◆ **EXERCISE DESCRIPTION**: Copy, word for word, the line containing "-8x 10/100/1000Mbps Auto-Negotiation, Auto-MDI/MDIX" and each line that follows it in the entries below; pictures do not belong in the copy.
BEGIN PROVIDED RECORDS
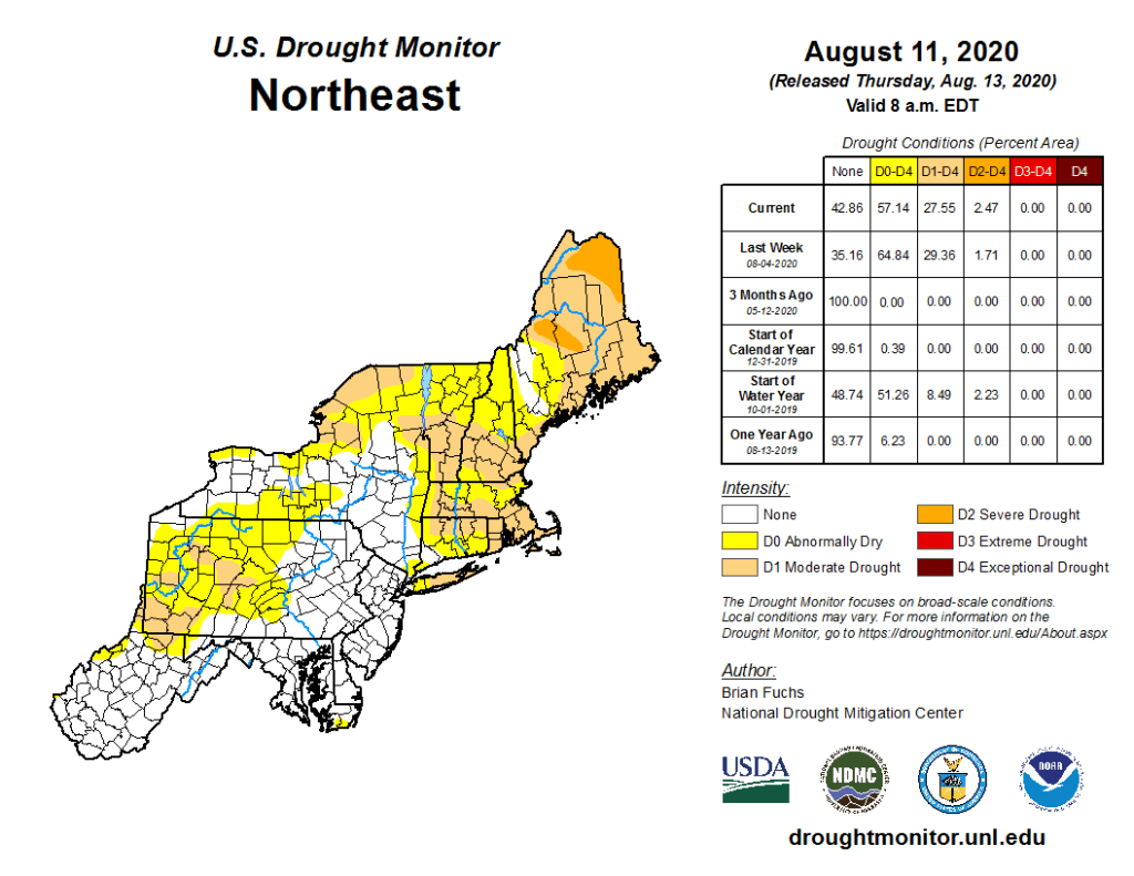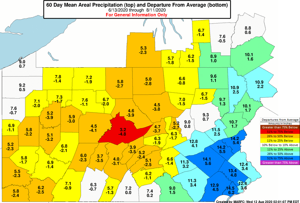 For the 60-day period (6/13/2020 through 8/11/2020) Centre County’s areal precipitation was 3.2 inches which was 4.8 inches below normal for the period. A normal amount would have been 8 inches. This works out to be 60% below normal which is above the 50% threshold for the red portion of the scale. By comparison, here are the values for the surrounding counties: Blair 47%, Cambria 29%, Clearfield 47%, Clinton 41%, Huntington 43%, Mifflin 47%, Snyder 44%.
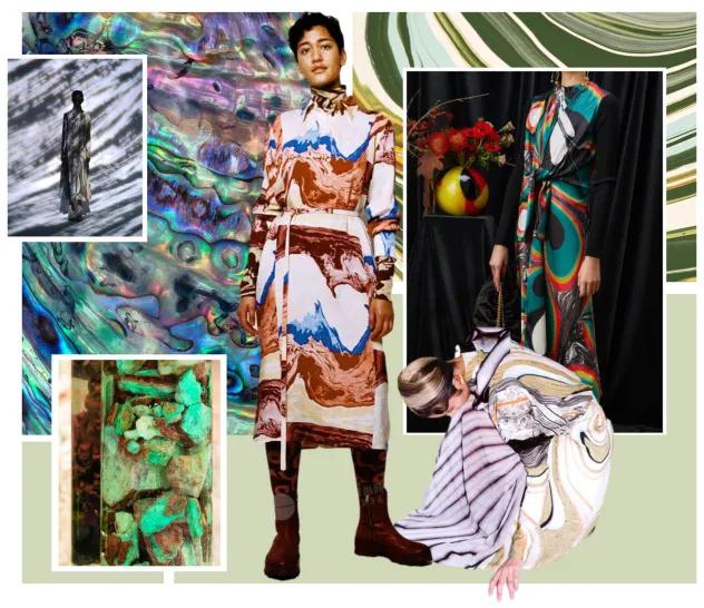 無(wú)機(jī)寶石中的松石、孔雀石、青金石皆擁有瑰麗的外表紋理,有機(jī)寶石中的鮑貝也為設(shè)計(jì)師帶來(lái)更多靈感,在印花技術(shù)高速發(fā)展的今天,我們擁有更多的選擇來(lái)呈現(xiàn)這些肌理之美,而傳統(tǒng)技法中的水拓印染法同樣可以帶來(lái)隨機(jī)流淌的美麗邂逅。
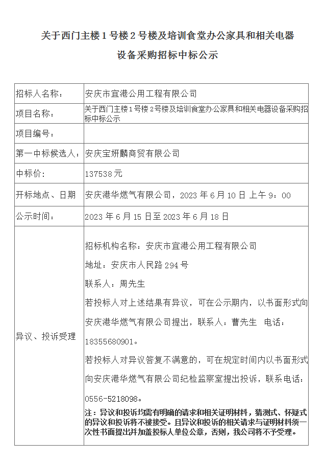 關(guān)于西門主樓1號樓2號樓及培訓(xùn)食堂辦公家具和相關(guān)電器設(shè)備采購招標中標公示
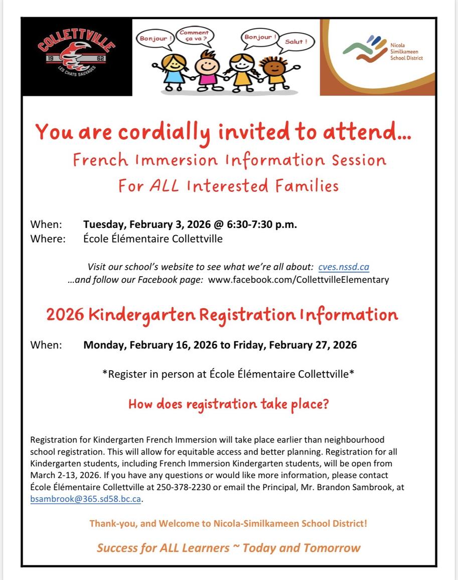 Breadcrumb Home Announcements announcement Kindergarten Registration & FIM Information Session Posted: January 22, 2026 - 5:26pm Expires: March 13, 2026 - 5:00pm Announcements Kindergarten Registration & FIM Information Session News Stories Family-Teacher Conferences Student Learning Survey 2025/2026 Next Steps - Round 2 - Consultation Meetings Our Calendar Girls Basketball Tournament Feb 10 NFT Session - Violence Is Preventable (VIP) - Div 2 Feb 10 Boys Basketball Practice Feb 10
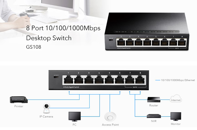 -8x 10/100/1000Mbps Auto-Negotiation, Auto-MDI/MDIX ports provide smart switching between 10Mbps, 100Mbps and 1000Mbps hardware
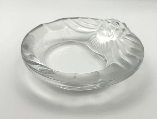 Vintage- French Lalique Crystal Lion Ashtray or Valet / Jewelry Dish
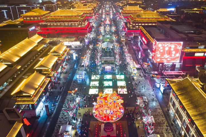 西安大唐不夜城景區(qū)景色(2024年2月2日攝,無人機照片)。新華社記者 邵瑞 攝
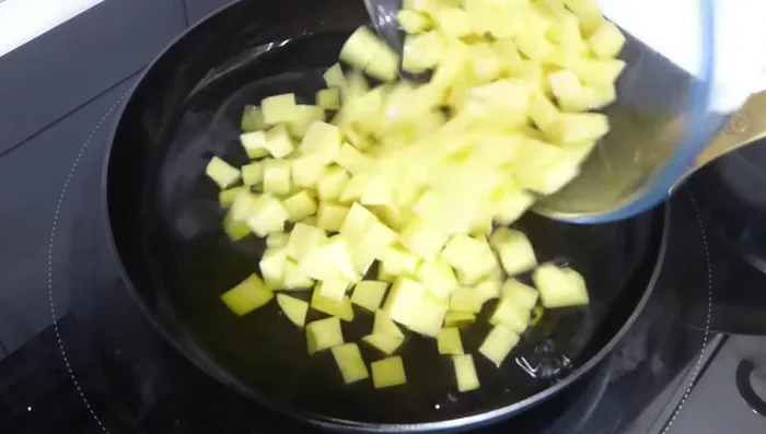 - Agregar las patatas al aceite y cocinarlas hasta que estén blandas, sin que cojan color.
END PROVIDED RECORDS
◆ **FINISHED EXERCISE**:
 -8x 10/100/1000Mbps Auto-Negotiation, Auto-MDI/MDIX ports provide smart switching between 10Mbps, 100Mbps and 1000Mbps hardware
 Vintage- French Lalique Crystal Lion Ashtray or Valet / Jewelry Dish
 西安大唐不夜城景區(qū)景色(2024年2月2日攝,無人機照片)。新華社記者 邵瑞 攝
 - Agregar las patatas al aceite y cocinarlas hasta que estén blandas, sin que cojan color.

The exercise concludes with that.